OÙ VA L’ART AFRICAIN ? DÉFÉTICHISEZ LES RESTITUTIONS
Certes, l’Occident a un devoir de restitution. Mais là n’est pas la question. La question est : qu’avons-nous fait de la grande œuvre d’art là devant nous ? Je parle de ces vies qui meurent au quotidien
Quiconque parle aujourd’hui d’objets d’art africain s’entend dire : « Restituez notre patrimoine volé ! » Tel est le mot d’ordre. Mais que signifie cette injonction ? Qui parle ? À qui s’adresse-t-il ? Par ‘restitution’, l’on entend le retour des objets d’art africain. Ce retour est compris comme une renaissance : l’Afrique doit redevenir son propre centre ; et cela commence par le rapatriement de ses objets ‘volés’ durant la colonisation. Le destinataire du message c’est l’Occident. Celui-ci aurait, dans ses musées publics ou privés, des millions d’objets africains, dont il serait le propriétaire illégitime. Mais il n’y a pas que cela. Au-delà des objets, c’est l’âme de tout un continent qui serait prisonnière de l’Occident. Plus que de vulgaires artéfacts, c’est le principe même de l’existence d’un peuple qui serait captif. Restituer, dans ce contexte, signifierait réanimer les Africains !
Vous l’aurez compris, ce que l’on peut désormais appeler « la palabre des objets d’art africains » n’est pas une mince affaire. C’est la survie de l’Afrique qui serait en jeu. Arrêtons-nous sur cette conclusion. Oublions, pour l’instant, l’Occident. Oublions ses mensonges à répétition, sa mauvaise foi, son irresponsabilité face à ses défaites d’hier. Revenons vers nous-mêmes, et posons-nous la question : à supposer que nous avions une âme, l’avons-nous perdu ? Et si oui, aurait-elle été volée par l’Occident ? Serait-elle partie nuitamment dans ses bagages, dans ces morceaux de bois, ces amulettes, ces étoffes ? Que signifient ces objets, et comment comprendre l’injonction en vogue à nous les rendre ? De quoi s’agit-il dans cette affaire ?
Certains disent que l’âme d’un peuple se trouve dans son art et sa culture. Mais non ! L’âme d’un peuple, si elle existe, est dans la sueur de son front, dans l’air qu’il respire et les actes simples qu’il pose au quotidien, mais qui façonnent l’Histoire. L’âme ne vit pas dans des bois morts, mais dans des rencontres, quand on se met au travail, quand on s’accueille et se respecte, quand on reconnaît la valeur de chaque vie et de chaque intelligence par-delà les querelles identitaires. Telle est l’âme véritable, qui exige d’abord d’être restituée, sans quoi ni l’art ni la culture n’ont de sens. Qu’est-ce que l’art ou la culture, si ce n’est l’humain lui-même, ce vivant qui respire, se lève chaque matin, affronte l’épreuve du jour, et bâtit avec ses semblables, à partir des bribes de l’existence, un monde habitable ?

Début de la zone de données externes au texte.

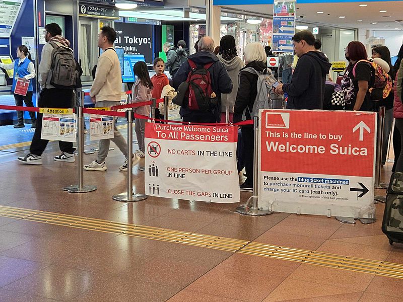WelcomeSuicaを買い求める訪日旅行者。羽田空港第3ターミナルにて(筆者撮影)
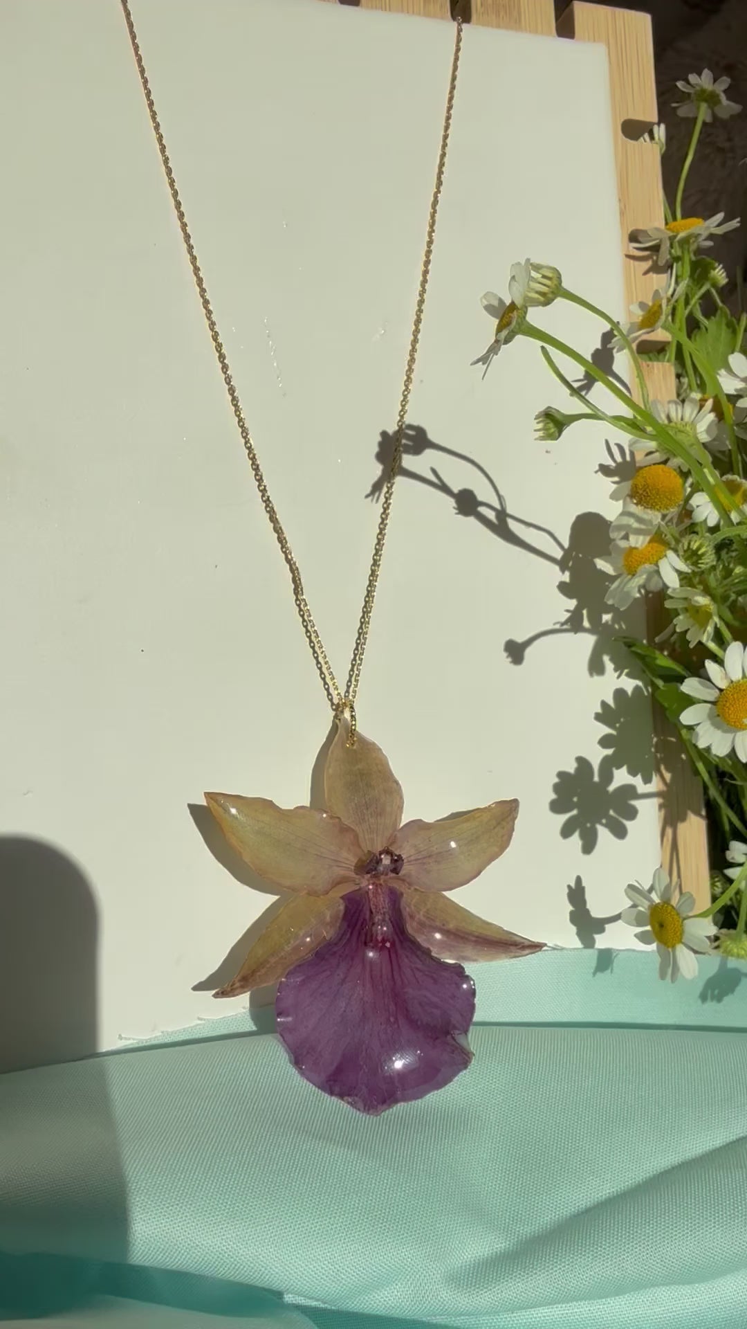 This is a large exotic purple/tan orchid on a gold 16 inch chain

Certes, l’Occident a un devoir de restitution. Mais là n’est pas la question. La question est : qu’avons-nous fait de la grande œuvre d’art là devant nous ? Je parle de ces vies qui meurent au quotidien, celles qui gisent dans nos prisons, à qui l’on confisque la parole, que l’on expose chaque jour, ici et là, au mépris absolu et à l’abandon. La vie n’est-elle pas l’âme immortelle de tout art et de toute culture ? N’allons donc pas dire aux Africains : « votre âme se trouve ailleurs, dans un musée en Europe ! » Soignons d’abord ces vies qui trépassent sous nos yeux. Tel est, il me semble, le commencement et la fin de toute restitution.